Chris Bower, who took over as executive director in spring 2014, said Tourism Penticton needs to refine it’s plans to make the best use of their limited budget.

That starts, he said, with closing the gap between marketing and visitor services.

“We really can’t do a flashy campaign. We really need to focus on the experiences,” said Bower, who noted that 76 per cent of travellers are likely to go online after their trip and comment on the experience.

One group Bower said Penticton needs to focus on having a good experience is the people coming to the GoMedia conference this fall.

GoMedia is the flagship conference for the Canadian Tourism Commission and draws Canadian and international bloggers, writers, editors and broadcasters from CTC’s 11 key markets to hear insider tips from top Canadian travel businesses.

“There are going to be 125 people coming to write stories,” he said. “A big part of our focus is going to be making sure they get the information they need.”

Stirling said 2015 is about being inclusive, not exclusive and set a high goal for success.

“Every single tourism stakeholder in Penticton needs to step up, show up and in turn, become involved and then show us what we can do as well,” she said. “If we are sitting here an year from now and we have not made significant strides in  working together and becoming unified across all of those groups, then I really truly believe we will have failed.”

The society members also voted to change their bylaws and add two new appointed directors to their board, for a possible total of 13 directors.
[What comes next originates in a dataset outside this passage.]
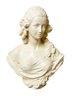 An elegant bust of a young woman with ringlets. Circa Mid-20th C. Made from plaster with a semi gloss finish.
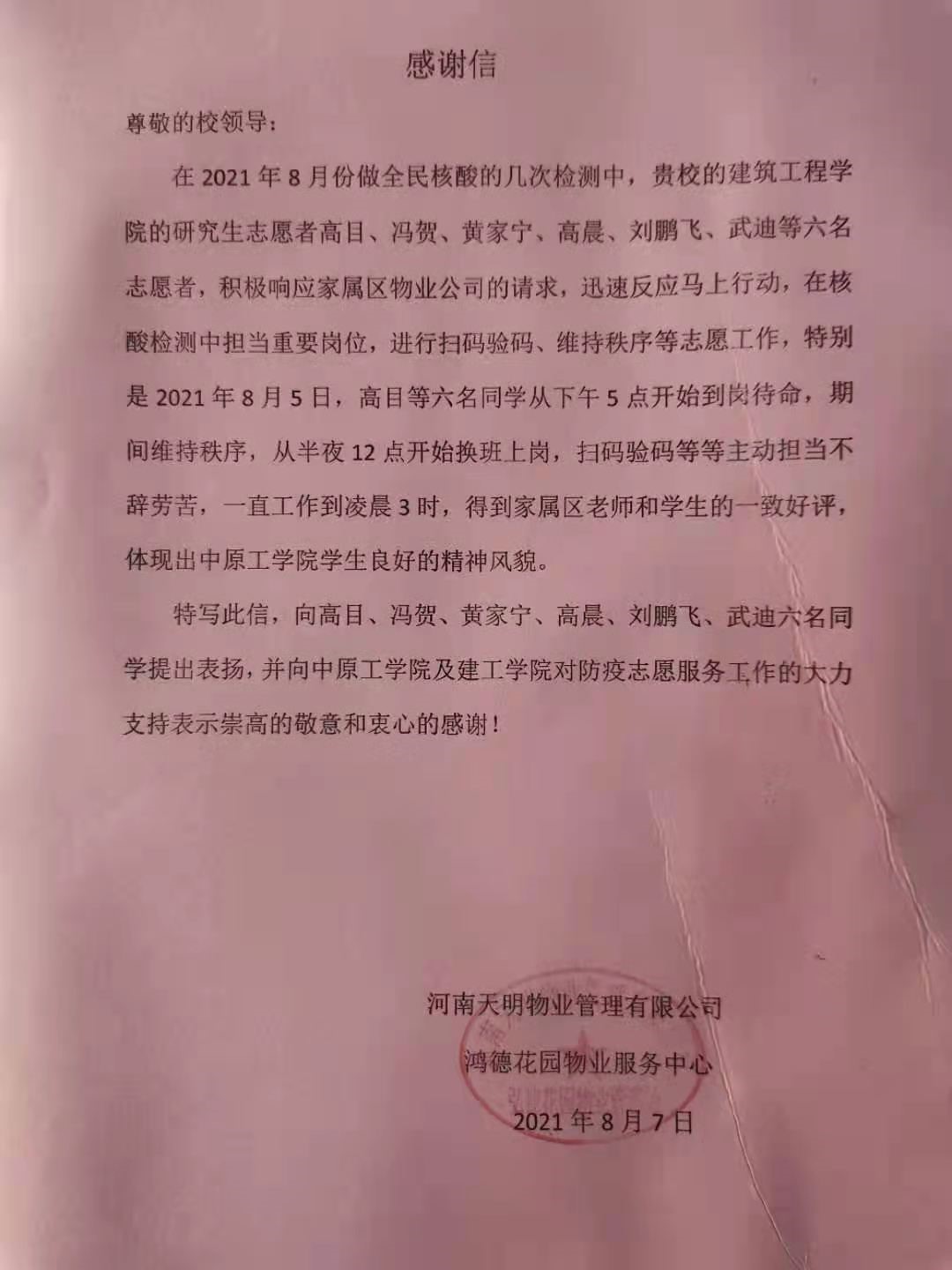 我院高目、冯贺、黄家宁、高晨、刘鹏飞、武迪六名留校研究生积极响应鸿德花园物业服务中心的号召,向所在社区党总支主动请缨,协助基层抗疫,在做好个人防护的基础上,积极投身到核酸检测志愿服务当中。河南天明物业管理有限公司特写感谢信向上述六位同学提出表扬,信中写到这六名同学勇于担当,不辞劳苦,得到了家属区老师和学生的一致好评,充分展现了中原工学院建筑工程学院研究生的良好精神风貌,并向中原工学院及建筑工程学院对防疫志愿者服务工作的大力支持表示崇高的敬意和衷心的感谢。我院19级樊帅龙,20级张建树、李子山、王浩聿、杨秉昊、方帅超等同学分别在所在地参与疫情防控志愿者工作,为抗击疫情贡献自己的青春力量。

Two of those directors are already appointees, representing the City of Penticton and the Penticton Indian Band.

The two new appointees, both voting, and serving one-year terms, are to come from tourism-related organizations, bringing special knowledge to the board as needed.

Kerri Milton, executive director of the DPA, announced results of electronic voting for the 2015 board of directors, noting that 28 per cent of the members cast a vote.

Laura Hunt (Global Spectrum); Sheila Perepolkin (Sandman Inn); Rob Appelman (Lakeside Villa); Diana Stirling (Loco Landing); Cameron Smith (Joy Road Catering); Ian Macdonald (Liquidity Winery) and Lisa Baxter-Burke (Hillside Winery)

Chuck Loewen and Travis Kruger will continue in their appointed positions, representing the City of Penticton and the PIB, respectively.